[Source data]
:::
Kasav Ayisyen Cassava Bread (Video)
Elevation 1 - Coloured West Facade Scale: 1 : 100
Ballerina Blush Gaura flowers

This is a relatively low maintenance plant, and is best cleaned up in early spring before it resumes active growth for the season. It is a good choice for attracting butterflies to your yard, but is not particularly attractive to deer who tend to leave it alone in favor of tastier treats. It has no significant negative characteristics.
:::
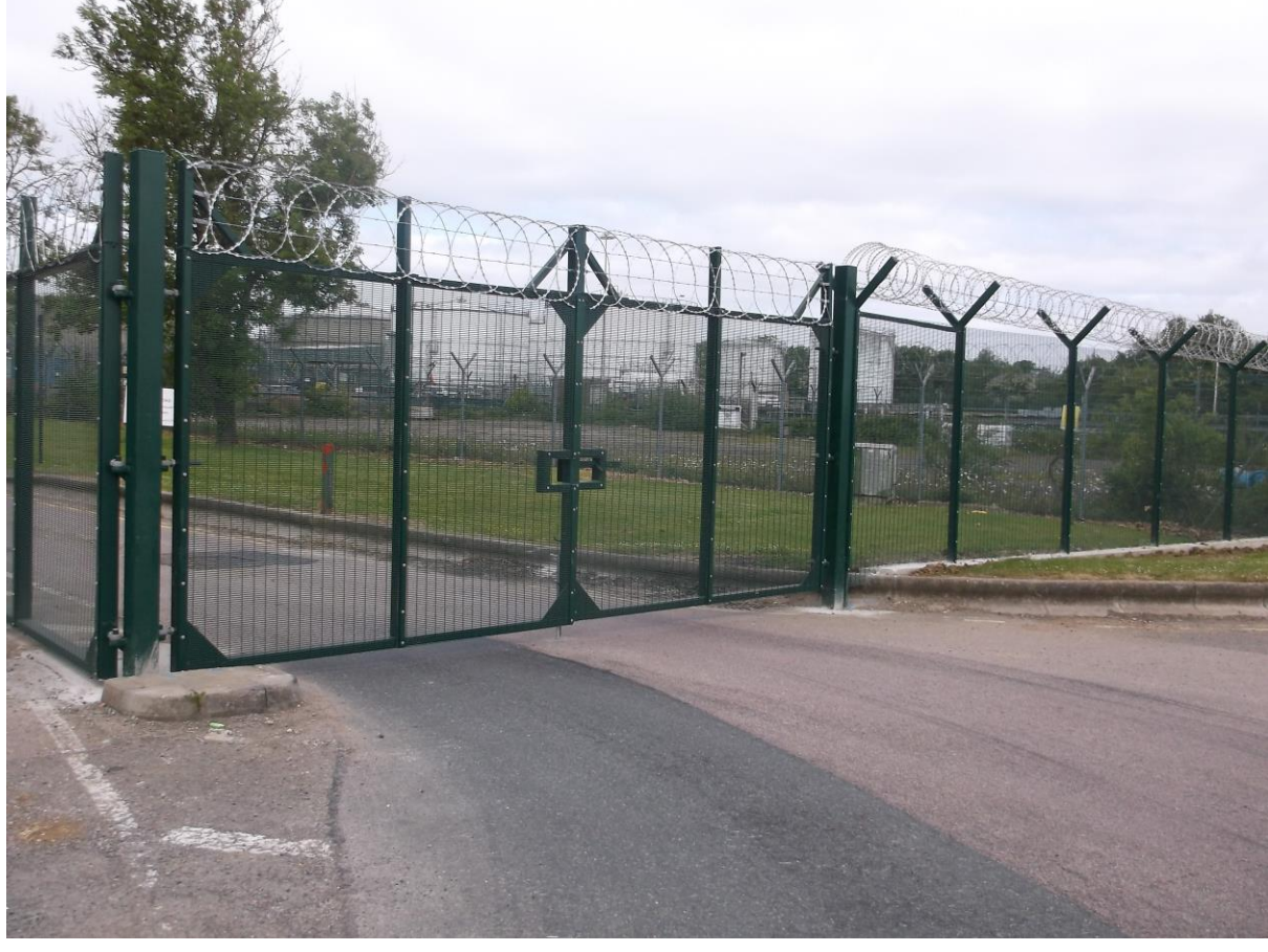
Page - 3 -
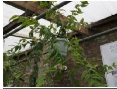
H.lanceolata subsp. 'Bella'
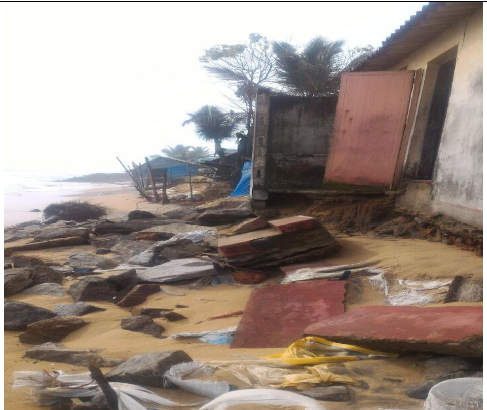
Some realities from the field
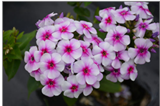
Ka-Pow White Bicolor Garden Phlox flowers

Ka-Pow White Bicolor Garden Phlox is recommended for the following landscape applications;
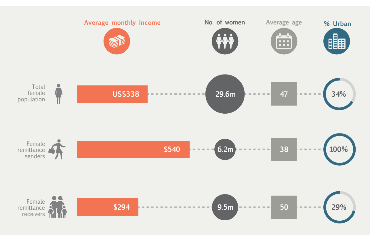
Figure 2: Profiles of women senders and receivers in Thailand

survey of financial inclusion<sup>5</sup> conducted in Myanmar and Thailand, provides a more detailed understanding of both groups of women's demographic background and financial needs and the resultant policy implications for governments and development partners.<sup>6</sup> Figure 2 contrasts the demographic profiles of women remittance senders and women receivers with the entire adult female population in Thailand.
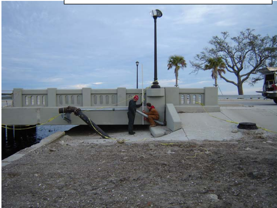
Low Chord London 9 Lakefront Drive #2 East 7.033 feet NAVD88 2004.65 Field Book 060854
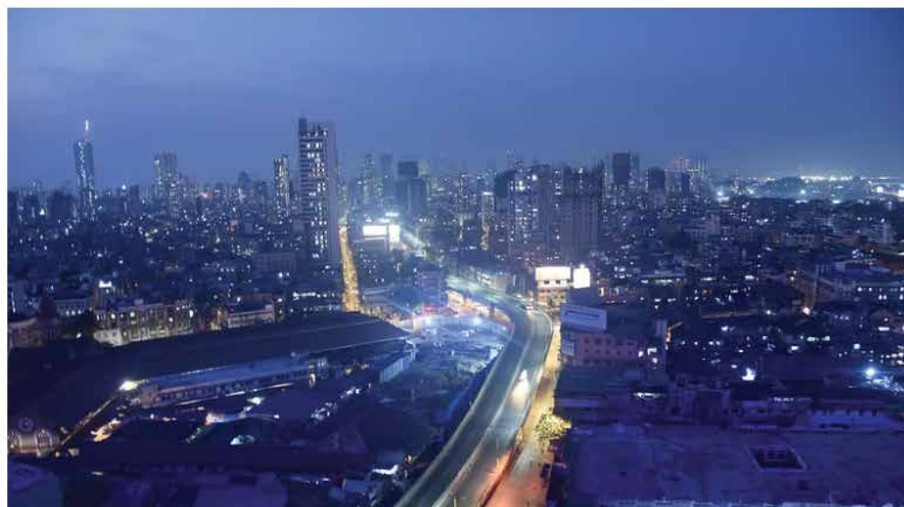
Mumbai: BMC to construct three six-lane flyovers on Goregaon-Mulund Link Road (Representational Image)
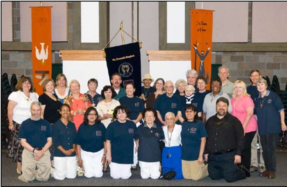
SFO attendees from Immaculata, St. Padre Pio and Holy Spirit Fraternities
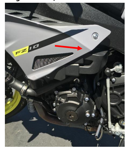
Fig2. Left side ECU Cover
:::
[Work required]
Working from the entries above, please transcribe only the lines from the line with "survey of financial" through the line with "Fig2. Left side ECU Cover", exactly, with both end lines and without pictures.

[Task result]
survey of financial inclusion<sup>5</sup> conducted in Myanmar and Thailand, provides a more detailed understanding of both groups of women's demographic background and financial needs and the resultant policy implications for governments and development partners.<sup>6</sup> Figure 2 contrasts the demographic profiles of women remittance senders and women receivers with the entire adult female population in Thailand.
Low Chord London 9 Lakefront Drive #2 East 7.033 feet NAVD88 2004.65 Field Book 060854
Mumbai: BMC to construct three six-lane flyovers on Goregaon-Mulund Link Road (Representational Image)
SFO attendees from Immaculata, St. Padre Pio and Holy Spirit Fraternities
Fig2. Left side ECU Cover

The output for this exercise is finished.